An example of training a movement is to perform a barbell squat. The movement is the squat, the body parts required to perform the squat are the quads, hamstrings, glutes, core, calves and the spinal erectors. This is a compound movement (multi joint) and is a very efficient exercise that uses a lot of muscle groups.
An example of training a body part would be using a leg press machine. This is specifically targetting the quads (as well as the glutes to an extent depending on the depth) but doesn’t use any of the stabiliser muscles like the core and back.
Both of these methods have their place and it depends on the person’s goals and there is nothing wrong with using both! Many people seem to get in the mindset of black or white. There is nothing wrong with some shades of grey!
I will typically recommend beginners to start with a full body workout that is comprised of many compound exercises. The reason for this is that this is the quickest way to build a base of strength. Once a strength base is achieved, then the specific goals of the person will be used to design a program that meets their needs. Are they a triathlete, bodybuilder, powerlifter or just wanting to look good naked?
One of the best examples of training the movements are some of the Russian powerlifting programs like sheiko and smolov where the competition lifts are basically all that is done in each training session. The methodology is that the more you practice the specific movement, the better you will become at it. Whereas, the Westside sytem (a popular American program) utilises many different sorts of accomdated resistance like bands and chains. The reasoning for this is that they believe that if you are placed in a more difficult sitation than in the competition lift you will be able to power through it e.g. box squatting with chains. This just shows that there is more than one way to skin a cat and is one of the reasons why experimentation is key. One thing is for certain though, progessive over load is a requirement for strength and hypertrophy (or maintenance of LBM) and your program should include this. As they say, what doesn’t challenge you doesn’t change you.
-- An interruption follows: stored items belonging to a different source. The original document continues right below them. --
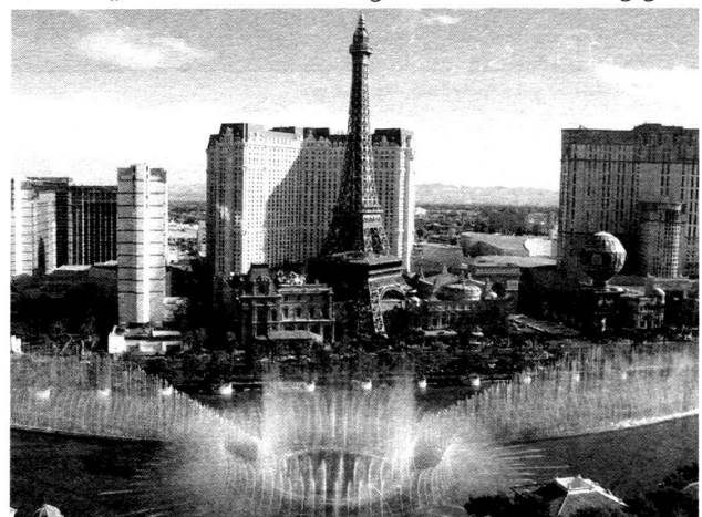
Abb. 1: Fontäne des Hotels Bellagio in Las Vegas

Die grösste Nachbildung des Realen findet sich in Las Vegas mit jährlich über 35 Millionen Besuchern. Die Geschichte der Stadt ist von je her eng mit der Ressource Wasser verknüpft. Der Bau der Eisenbahn 1905, die Aufhebung des Anti-Gambling Law 1939 und vor allem der Bau des Hoover-Dam zu derselben Zeit ebneten den Weg für die Entwicklung „Fun City“ Las Vegas. Der aufgestaute Lake Mead lieferte in den kommenden Jahren und Jahrzehnten sowohl das Wasser als auch den Strom für die „Glitzerwelt“ Las Vegas. Der Bauboom gigan-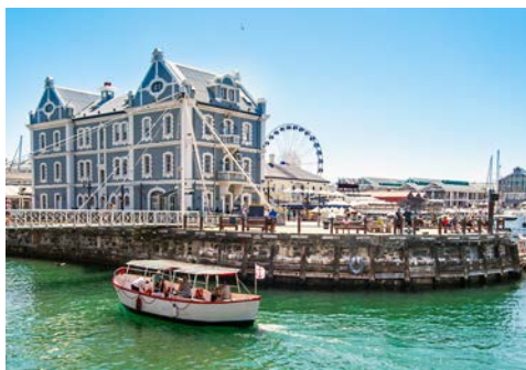
V & A Waterfront

Am Vormittag unternehmen Sie eine Rundfahrt durch Kapstadt. Bei gutem Wetter fahren Sie mit der Seilbahn auf den Tafelberg und haben einen herrlichen Blick auf die Stadt und die Kaphalbinsel. Die Rundfahrt endet mit dem Besuch der Victoria & Alfred Waterfront. Der Nachmittag steht Ihnen in Kapstadt zur freien Verfügung. (F)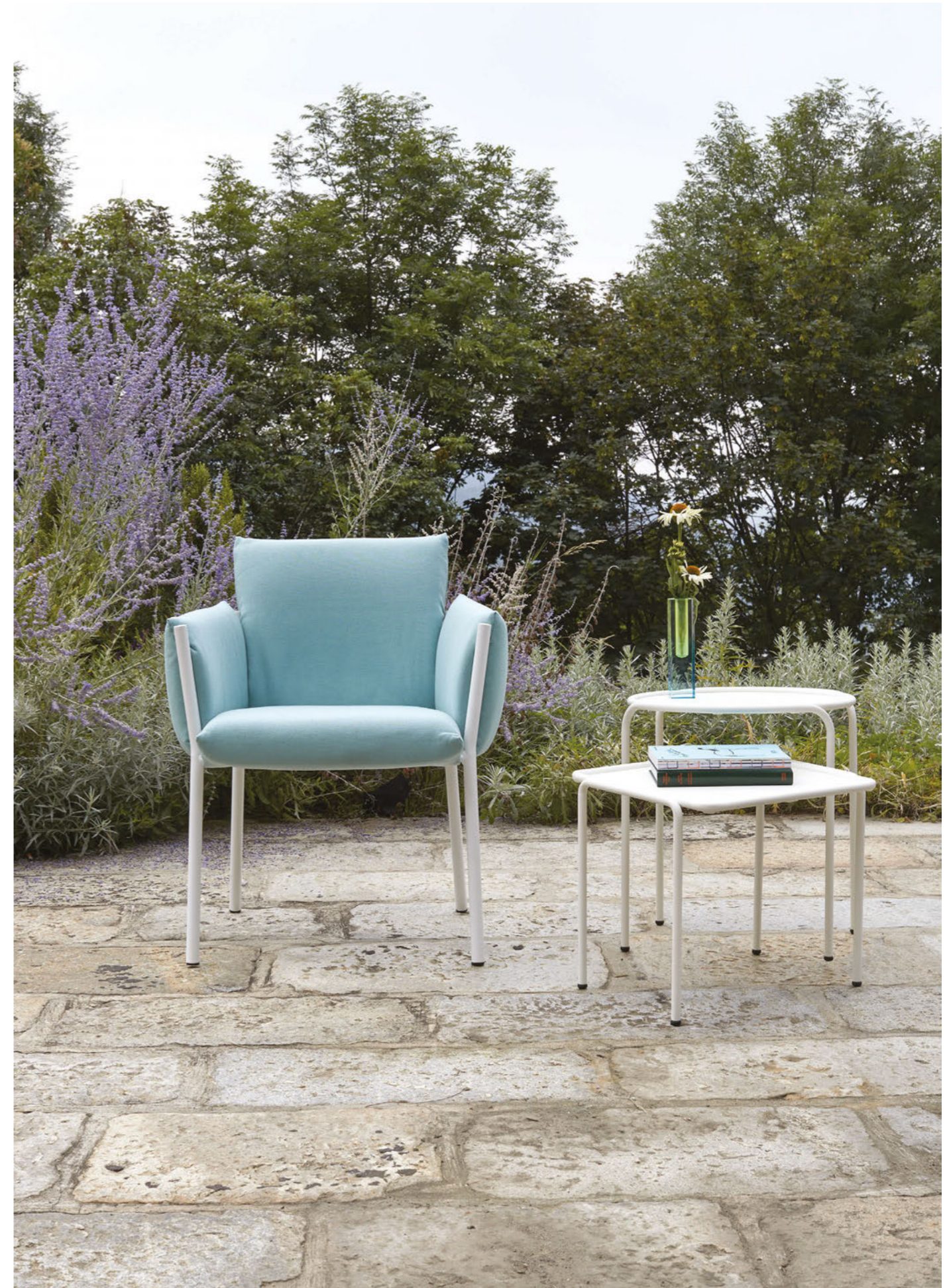
Armchair Poltrona Brezza, art. 2898 Round Coffee table rotondo Dress_Code, art. 2742 Ø 45 h.50 Square Coffee table quadrato Dress_Code, art. 2743 41x41 h.40

An example of training a body part would be a typical bodybuilder split program that is based around training a certain body part on a certain day. An example of this would be a 4 day split like the following:
Monday: back and biceps
Tuesday: chest and triceps
Thursday: quads and hamstrings
Friday: shoulders,calves and abs
These type of splits are designed to target a specific muscle on the day. Depending on the level of the trainee, the sets and reps can vary greatly (especially in a poorly designed program). Although this type of training is focussing on a specific muscle group, many of the same compound exercises can be used e.g. squats, deadlift and bench press. These are typically followed up with isolation (single joint) exercises for the target muscles.
In summary, there are MANY different types of training methods to choose from and it is important to set your short and long term goals to help you determine which type of program is best suited to you. The worst thing you can do is program hop. If you decide on something, stick with it for a decent period of time and if it ain’t broke don’t fix it.